A Global Approach to Business Education
The world – if not growing smaller – is certainly more interconnected than ever before.
To that end, it’s incumbent upon today’s business leaders to embrace both the challenges and opportunities associated with 21st century globalization. That is no small task. In order to serve their customers and their communities, these managers, presidents and CEOs must negotiate myriad forces – including technological advances and the free market – with skill and alacrity. How best to prepare today’s students to enter this marketplace is a question at the forefront of the minds of business school deans around the world. At Le Moyne College's Madden School of Business, administrators and faculty members are preparing tomorrow’s executives in part by tapping into the network of nearly 200 Jesuit colleges and universities around the world.
“Our aim is to develop men and women with an entrepreneurial spirit, a deep commitment to the highest standards of ethics, and the capacity to think beyond traditional borders,” said Jim Joseph ’83, dean of the Madden School. “We are striving to reach that goal not just through our coursework, but through a number of innovative new collaborations.”
Joseph was recently elected to the board of the International Association of Jesuit Business Schools (IAJBS), a global network that supports teaching, research, service and social activism. This summer, he will travel to the organization’s world forum in Montevideo, Uruguay, for the formal launch of the Global Jesuit Case Series (GJCS) and its first advisory board meeting.
The GJCS is a growing online repository of real-world business cases from as far away as St. Aloysius College in Mangalore, India. Easily accessible to students worldwide, the GJCS emphasizes the ideals espoused by Saint Ignatius Loyola, including moral leadership and social responsibility. In 2013, the Pedro Arrupe S.J. Program of Christian Social Ethics in Business moved from the Woodstock Theological Center at Georgetown University, where it had been located for nearly 20 years, to the Madden School.

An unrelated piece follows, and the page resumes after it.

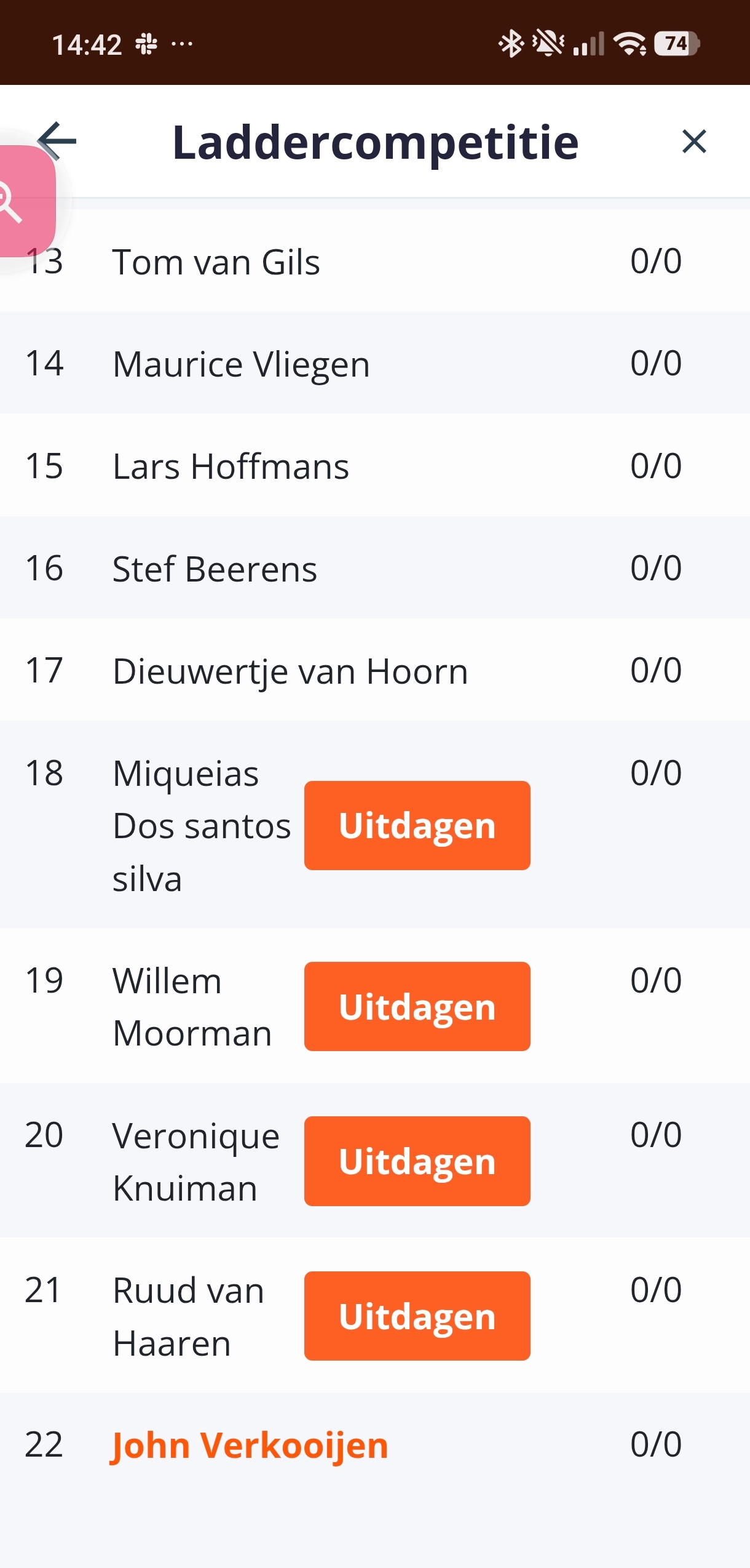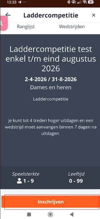 Deze ladder loopt vooralsnog tot eind augustus. Je kunt als je op de ladder staat tot maximaal 4 hoger uitdagen.

The Arrupe Program invites educators, theologians and corporate leaders from across the globe to come together to explore moral questions related to business. Beyond that, it serves as the home of one of the Madden School’s flagship initiatives, the Woodstock Business Conference (WBC). Because the cases highlight many ethical dimensions of conducting business in the 21st century, there is a natural synergy between the GJCS and the WBC.

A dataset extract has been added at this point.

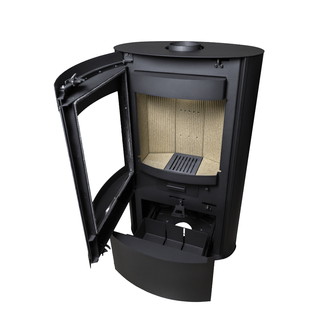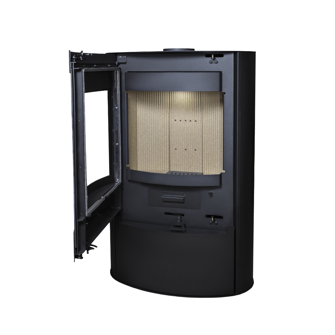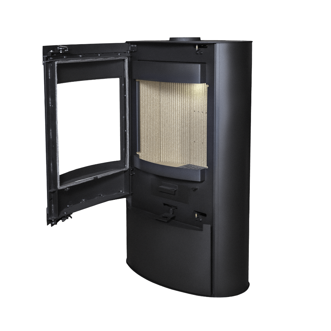 Современная, стильная печь-камин Свитязь имеет округлый дизайн, может быть расположена в углу, либо у стены. Идеально подходит для обогрева помещения площадью до 70 м2.

With 14 chapters around the world, including two in Europe, the WBC and its members are dedicated to exploring ideas related to the integration of faith and work. The chapters link local business leaders with business school deans to strengthen the connections between study, research and practice. In addition, they provide opportunities for mentoring, teaching, and programming, as well as internship and employment prospects that benefit both graduates and local employers. Regular chapter meetings allow like-minded attendees to engage in sustained conversations about how to conduct business in ways that align with their ethics and values.

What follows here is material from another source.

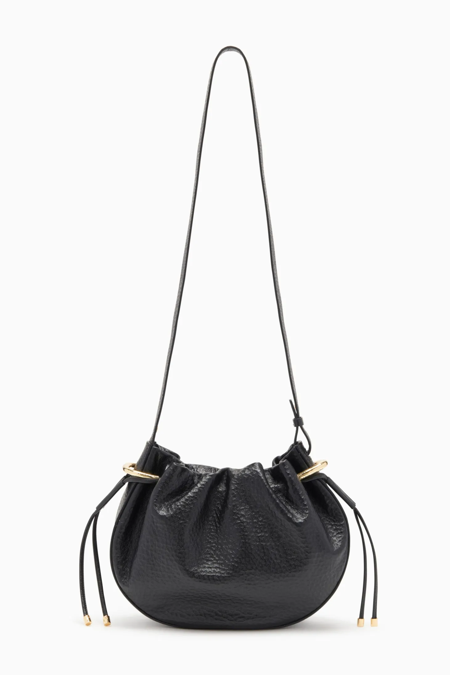 Our Tilda Ruched Crossbody is a beautifully gathered silhouette made in Italy from shiny textured leather in classic black. It has a roomy, cotton-lined interior sized for daily essentials and has an adjustable strap that can be worn crossbody or as a shorter shoulder bag. It is finished with antique brass accents and fastens with an internal magnetic closure at the top.

Last year, the Madden School launched its Madden Everywhere Tour. Its purpose is manifold: to prepare students to work across cultural and geographic boundaries, to forge connections between Le Moyne and other Jesuit business schools around the world, and to promote the Madden School and its mission abroad. To date, Madden Everywhere has featured lectures by Fernando Diz, Ph.D., the M.J. Whitman Professor of Finance at Syracuse University. Le Moyne faculty members, including Martha Grabowski, Ph.D., the McDevitt Chair in Information Systems, have utilized the tour to form collaborations with prominent business, community and university leaders on three continents. In addition, Jinhu Qian, Ph.D., director of the finance program, will soon teach in Shanghai, China, as part of the tour.
The Madden School’s emphasis on globalizing education goes beyond these partnerships and can be seen daily in the work that undergraduate students are doing. They are conducting research projects in places as diverse as Chennai, India; Seattle, Washington; Trondheim, Norway; and Fairbanks, Alaska, on topics as varied as the uses of Google Glass and wearable computing; logistics and supply chain modeling for oil spill response; risk advisory services in financial systems; white collar crime in government accounting systems; and Big Data analyses for cybersecurity systems.
To further cement the connection between Le Moyne and other colleges and universities worldwide, this summer, 31 students from Indonesia will spend several weeks working at the Syracuse Student Sandbox, a business incubator that aids aspiring entrepreneurs in bringing their ideas to fruition.
“As we know, St. Ignatius instructed the first Jesuits to ‘go forth and set the world on fire,’” said Joseph. “Before our students are able to do that, we must prepare them to think globally and appreciate other cultures, and encourage them to think in ways that are reflective, adaptive and emotionally intelligent.”